Exercise requirements. What is wanted is every line below from the one with "Chic-Ruffle Crisscross Back" up to and including the one with "Fototapeta premium Blurred", retyped exactly, pictures excluded, nothing else.

Extracted entries.
· · · ·
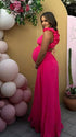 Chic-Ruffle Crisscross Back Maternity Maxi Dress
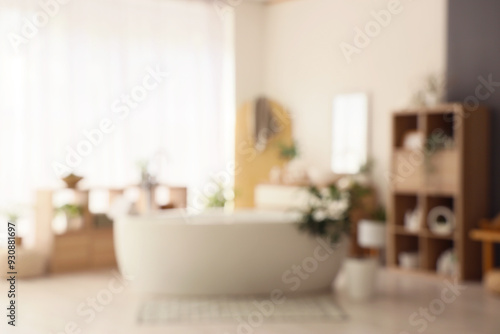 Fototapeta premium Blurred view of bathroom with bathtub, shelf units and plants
· · · ·
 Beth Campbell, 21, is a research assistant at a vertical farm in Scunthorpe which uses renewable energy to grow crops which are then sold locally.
· · · ·
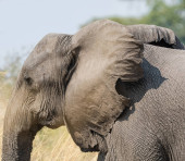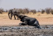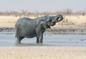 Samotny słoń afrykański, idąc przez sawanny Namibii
· · · ·
Answer section.
 Chic-Ruffle Crisscross Back Maternity Maxi Dress
 Fototapeta premium Blurred view of bathroom with bathtub, shelf units and plants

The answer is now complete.